(GIVEN MATERIAL)

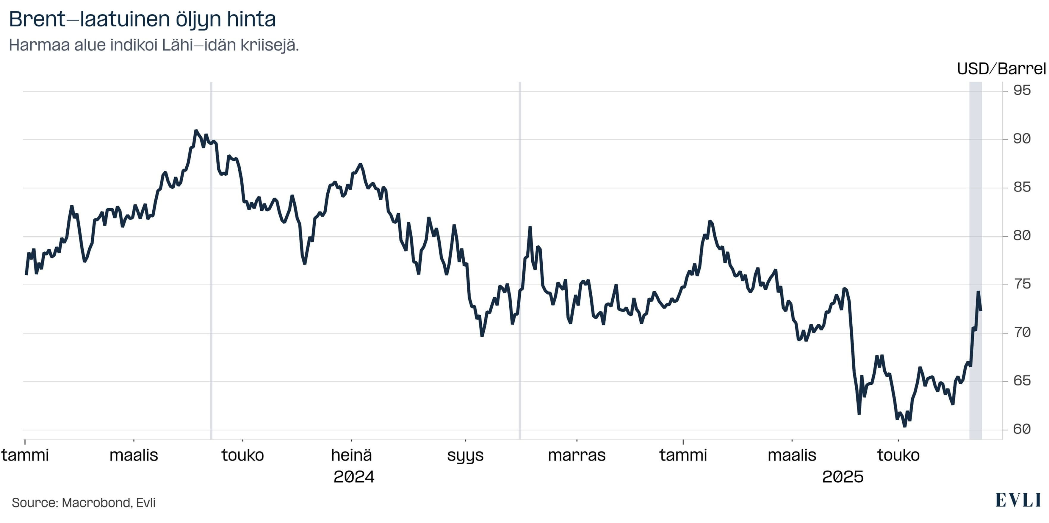 Kuvio 1: Öljyn hinta on reagoinut Israelin hyökkäykseen, mutta ei vielä merkittävästi
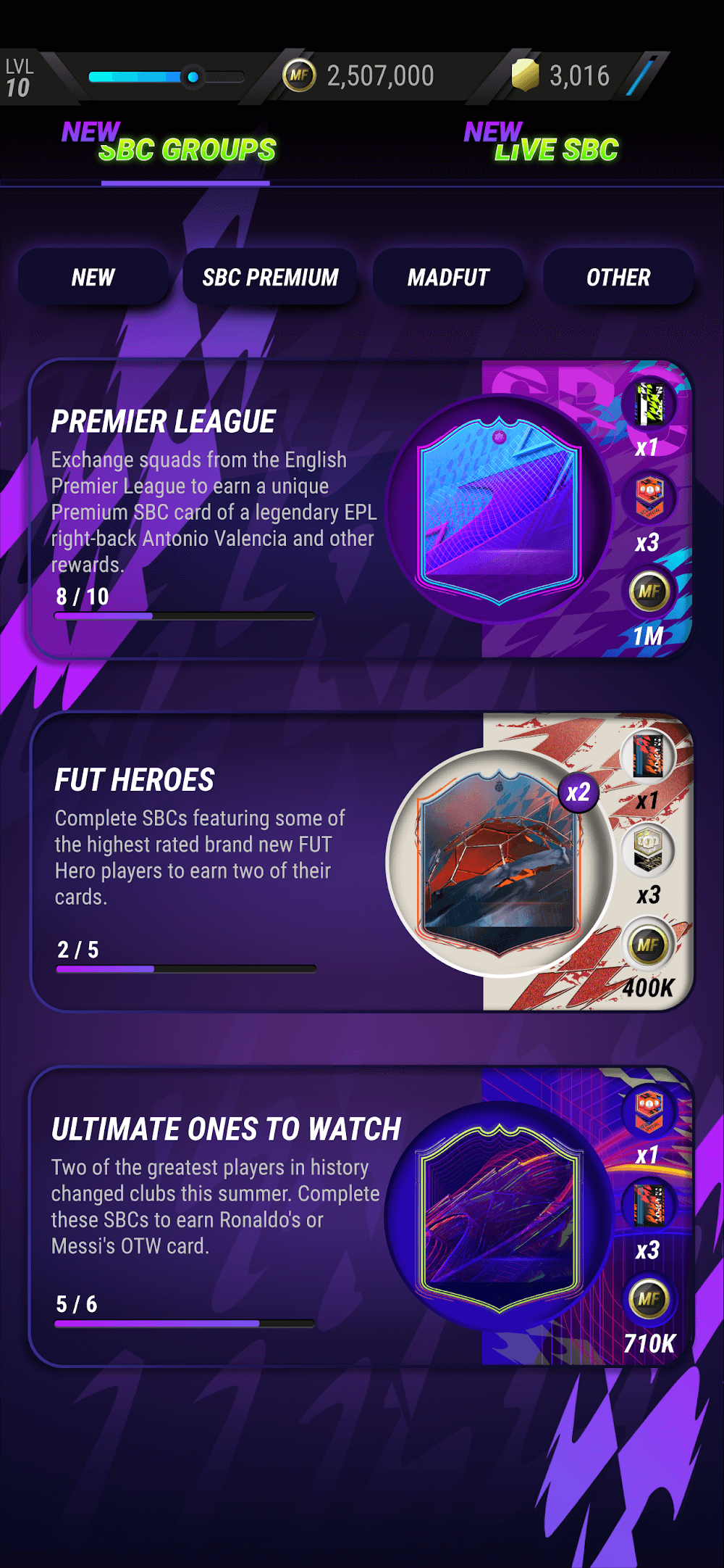 Madfut 22 apk-en increase your chances of winning cards and other rewards by leveling your team from Bronze to all-Specials and achieving Objectives. In addition, players can complete daily challenges such as Pack Of The Day and Draft Of The Day, as well as daily SBCs, and they can trade cards and packs with one another.Each day, fresh content will be uploaded to the website. In addition, new SBC card types and objectives will soon be available. Throughout the year, naturally, new Modes will be made available.
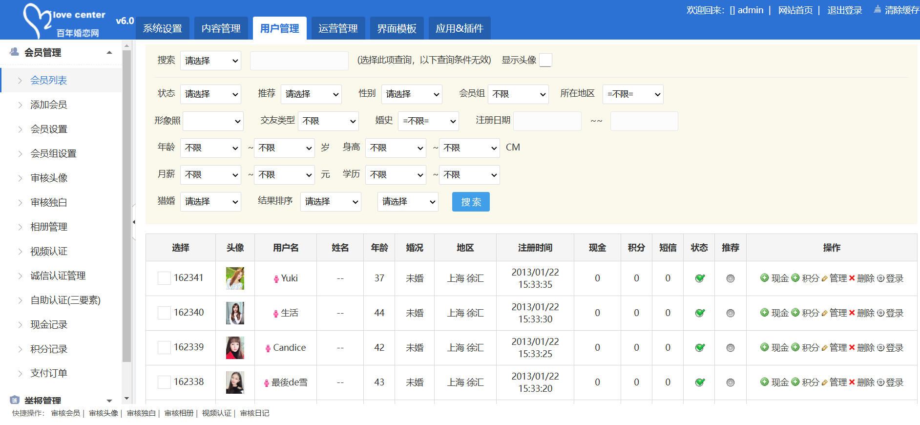 admin APP源码 信息管理 婚恋交友 2025-12-20 YM30手机版和电脑版婚恋交友系统源码,可打包app的交友婚恋源码,功能强大,界面漂亮婚恋交友源码 手机版和电脑版婚恋交友系统源码,可打包app的交友婚恋源码,功能强大,界面漂亮婚恋交友源码 本系统已经过测试,代码完整含服务器端,和pc版和手机版。 手机版界面: pc界面: 后台: 暂无优惠当前隐藏内容需要支付2500积分已有0人支付 支付查看 RIPRO主题是一个优秀的主题,极致后台体验,无插件,集成会员系统2026年优质php源码下载 » YM30手机版和电脑版婚恋交友系统源码,可打包app的交友婚恋源码,功能强大,界面漂亮婚恋交友源码

(End GIVEN MATERIAL)

→ WORK REQUIRED: Print the listing again exactly, please. Keep the pictures out of it.

→ COMPLETED EXERCISE:
 Kuvio 1: Öljyn hinta on reagoinut Israelin hyökkäykseen, mutta ei vielä merkittävästi
 Madfut 22 apk-en increase your chances of winning cards and other rewards by leveling your team from Bronze to all-Specials and achieving Objectives. In addition, players can complete daily challenges such as Pack Of The Day and Draft Of The Day, as well as daily SBCs, and they can trade cards and packs with one another.Each day, fresh content will be uploaded to the website. In addition, new SBC card types and objectives will soon be available. Throughout the year, naturally, new Modes will be made available.
 admin APP源码 信息管理 婚恋交友 2025-12-20 YM30手机版和电脑版婚恋交友系统源码,可打包app的交友婚恋源码,功能强大,界面漂亮婚恋交友源码 手机版和电脑版婚恋交友系统源码,可打包app的交友婚恋源码,功能强大,界面漂亮婚恋交友源码 本系统已经过测试,代码完整含服务器端,和pc版和手机版。 手机版界面: pc界面: 后台: 暂无优惠当前隐藏内容需要支付2500积分已有0人支付 支付查看 RIPRO主题是一个优秀的主题,极致后台体验,无插件,集成会员系统2026年优质php源码下载 » YM30手机版和电脑版婚恋交友系统源码,可打包app的交友婚恋源码,功能强大,界面漂亮婚恋交友源码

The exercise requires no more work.